Whether the textbook author wants to preach the Way of Bayes or not, the students, provided they actually become empirical scientists, are going to face journal and conference reviewers who want to see p-values. Failing to teach them how to construct credible intervals and perform Bayesian significance testing based on posterior distributions is failing to teach them skills necessary for our profession.

grayclhn · on Nov 21, 2014

It's very unusual to not cover hypothesis testing in an introduction to statistics class. The students are going to see "testing" again. The passage you quoted was about teaching from the book, not using it for self study.

Perceval · on Nov 20, 2014

Hopefully they can fix the embarrassing typo: "Monte Hall problem" should be "Monty." Not sure how that could have escaped notice. Maybe they were thinking about Monte Carlo simulations when writing that bit, but someone should have caught this.

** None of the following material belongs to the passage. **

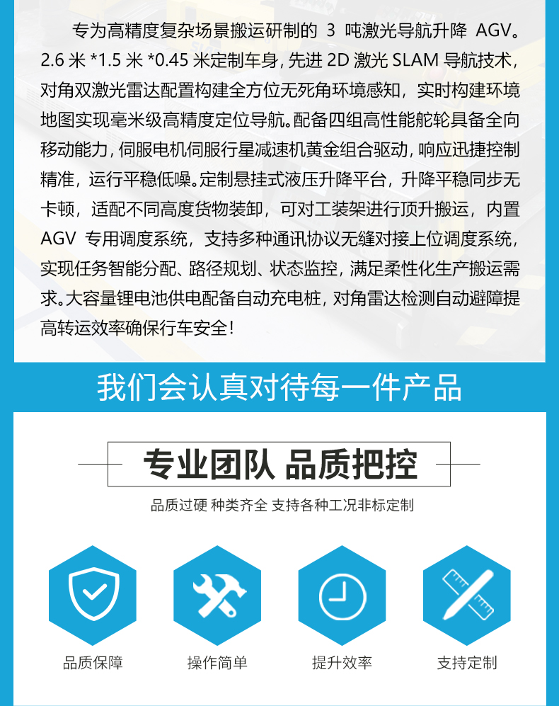 河南智杰優(yōu)搬運設(shè)備有限公司以“質(zhì)量取勝,服務(wù)取勝”的經(jīng)營理念,為了客戶的利益,公司建立了一整套快速的質(zhì)量信
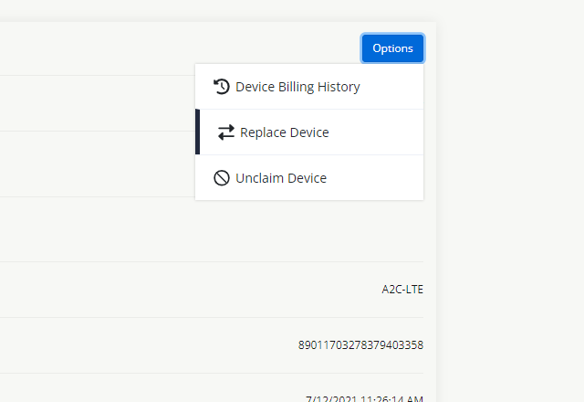 В разделе «Опции» выберите «Заменить устройство».

tjradcliffe · on Nov 20, 2014

Proofreading is one of the great unsolved technological problems. Human attention is a fantastically limited resource, and even multiple layers of checking frequently lets what subsequently appear to be "obvious" errors slip through.

The recent "cite crappy Whoever paper here" goof in a peer-reviewed journal is a typical example, and is notable only in that it is so egregious that it was caught and publicized. It is essentially certain that a large fraction of published papers contain at least one significant typo. I know of one case where two figures in a paper were identical (figure 2 was duplicated in figure 3) and it was missed by the co-authors (one of whom was fanatically careful) the journal editors and the referees.

We are never directly aware of our own inattentiveness, by definition, so the reality of how inattentive we are comes as a constant surprise.

To twist this vaguely back on topic: as well as being attentionally blind, we are also probability blind. I liken this to colour-blindness: we simply do not see probability distributions and have a terrible time thinking about them, yet we are completely immersed in them every day.

Between these two things--attentional blindness and probability blindness--we frequently end up interacting with the universe in ways that make little or no sense, as we behave as if we a) notice everything and b) live in a world of certain outcomes. The modern revolution of treating probability theory as logic is a huge big deal, and people who adopt it are likely to have a considerable advantage in years ahead. For one thing, it makes dealing with our attentional blindness easier, because it helps us understand and represent in our reasoning our imperfect attentional capabilities.

grayclhn · on Nov 20, 2014

A clear link to the LaTeX source file on github would solve a large part of the proofreading problem. Especially since the book is nominally licensed under the GNU FDL.

topherjaynes · on Nov 20, 2014

If you read the citation they're following the original source, which isn't the common usage either, but at least it doesn't seem as glaring now.

http://www.jstor.org/discover/10.2307/2683689?uid=2&uid=4&si...

pash · on Nov 21, 2014

The various spellings arise because the television host's real name was Monte Halparin, and he used the stage name "Monty Hall" [0].

0. http://en.m.wikipedia.org/wiki/Monty_Hall